The National Institutes of Health (NIH) is the largest public funder of biomedical research in the world, investing more than $32 billion a year to support thetraining of biomedical, behavioral, and clinical researchers.
The NIH’s Kirschstein-National Research Service Award (F30) seeks to enhance the integrated research and clinical training of promising pre-doctoral students who are in a combined MD/PhD or other dual-doctoral degree training program. The Kirschstein-National Research Service Award (F31) works to help promising pre-doctoral students develop into productive, independent research scientists while conducting dissertation research.
Five University of Iowa graduate students earned National Research Service Awards during the 2016-17 academic year.
Nicholas Borcherding, Molecular and Cellular Biology
New cases of breast cancer affect 232,000 people in the United States and 1.7 million people globally each year.
In the United States, 20-25 percent of these new invasive breast carcinoma cases are categorized as HER2+. Being HER2+ means that the breast cancer cells produce too much human epidermal growth factor receptor 2 (HER2), a protein that signals cell growth.
“Overall, the project aims to develop a better understanding of the disruption in regulators secreted by the pre-malignant field in tumor-initiating cells that are permissive to HER2-positive tumor initiation,” Nicholas Borcherding wrote in his public health relevance statement as part of his F30 application.
Caitlin Cosme, Psychology
In her NIH research description, Caitlin Cosme wrote that, “cocaine addiction remains a costly and debilitating disorder in large part due to the high relapse rates observed in individuals addicted to different drugs of abuse.”
Cosme’s proposed experiments will investigate the neural circuitry underlying the insular cortex’s regulation of cocaine-seeking behavior.
“The results from these studies will be critical for developing new treatments that target this region as part of the ongoing effort to reduce relapse among drug-addicted individuals,” Cosme wrote in her public health relevance statement as part of her F31 application.
Kelly Falls, Free Radical and Radiation Biology
Despite extensive treatment, 200,000 people die annually in the United States from lung and breast cancers.
This high death rate suggests that new treatment approaches are needed. Falls will investigate two FDA-approved drugs currently used for other conditions that may also be effective against cancer cells.

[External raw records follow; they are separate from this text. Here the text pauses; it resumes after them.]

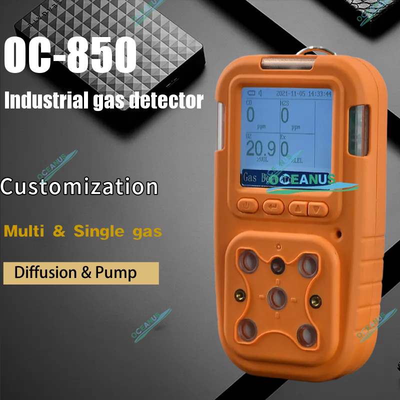 OC-850 portalbe gas detector with the imported sensor, for 1~5 gas detecting, with the diffusion sampling, also could be connected with the external pump. Widely range applications, such as the petroleum, chemical industry, biology, water treatment, enviroment protection, underground work, municipal construction, lab research and other place need to detect the combustible or toxic gas concentration.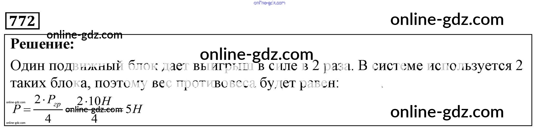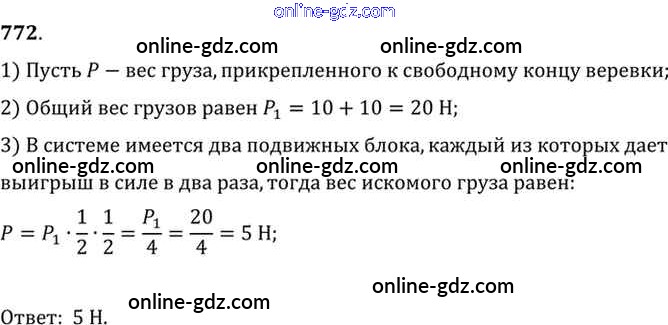 Готовые домашние задания по Физике за 7, 8, 9 класс Сборник задач Лукашик, Иванова 2011 - Задания 772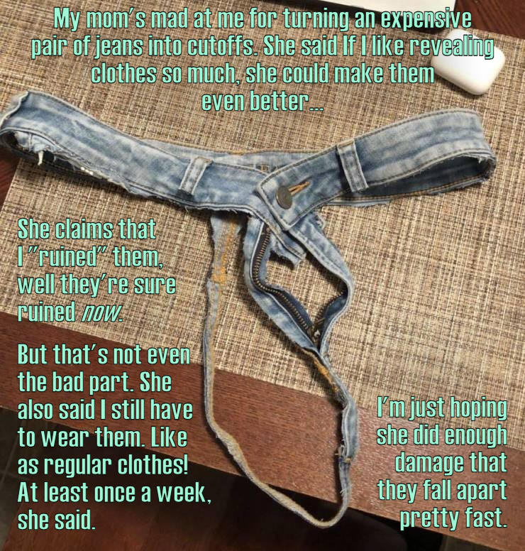 • Since her mother’s forcing her to wear them, I would think it counts. Parents and schools aren’t limited to just the basic topless, bottomless, naked options. They can get creative if they want to. Although I guess if one aspect of this is questionable, it’s the “at least once a week” part. That seems to leave it to the daughter’s discretion somewhat, where as normally it’s has to be the parent who decides.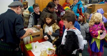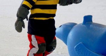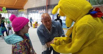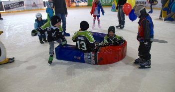 Mit schwungvoller Musik wurde Eisgelaufen was das Zeug hielt. Ein Teil der Eisfläche war für kleinere Clowns, Hexen, Feen, Geister und Käfer gesperrt. Dort fand man auch einen riesengroßen gelben Haribobär, der fleißig Zuckerl verteilte und mit den Kids in Schlangenlinie eine Polonäse durch die Eishalle führte. Zum Verschnaufen kam das große Kuscheltier nicht. Drinnen steckte Martin SCHIER, Nachwuchsbetreuer der TRAUNSEE-SHARKS Junior.

“By determining how these drugs exploit fundamental differences in oxidative metabolism between cancer versus normal cells, we can gain better understanding of the mechanisms by which they selectively target cancer cells for the development of new combined cancer therapies to improve outcomes and limit progression of disease,” Falls wrote in her public health relevance statement as part of her F30 application.
Andrea Hallberg, Molecular and Cellular Biology
Andrea Hallberg seeks to understand the processes by which craniofacial regions develop in embryos. She proposes to characterize the regulation of the tfap2 gene (part of the neural crest specification gene regulatory network) using zebrafish, a common model organism for embryonic development.
“The proposed research aims at understanding, at a genetic level, neural crest specification, one of the very first steps in craniofacial development,” Hallberg wrote in her public health relevance statement as part of her F31 application. “It is relevant to public health because craniofacial defects are the second most common birth defect in the United States.”
Bianca Mason, Molecular and Cellular Biology
Bianca Mason’s research uses genetic and pharmacological methods to study migraine-like behaviors in a pre-clinical rodent model; her current project examines the neuron peptide CGRP.
“Migraine is a debilitating disorder that is accompanied by sensory alterations such as photophobia,” Mason wrote in her public health relevance statement as part of her F31 application. “This study seeks to identify how peripheral CGRP causes light aversion in mice, which may help identify new targets for the development of better treatments for migraine.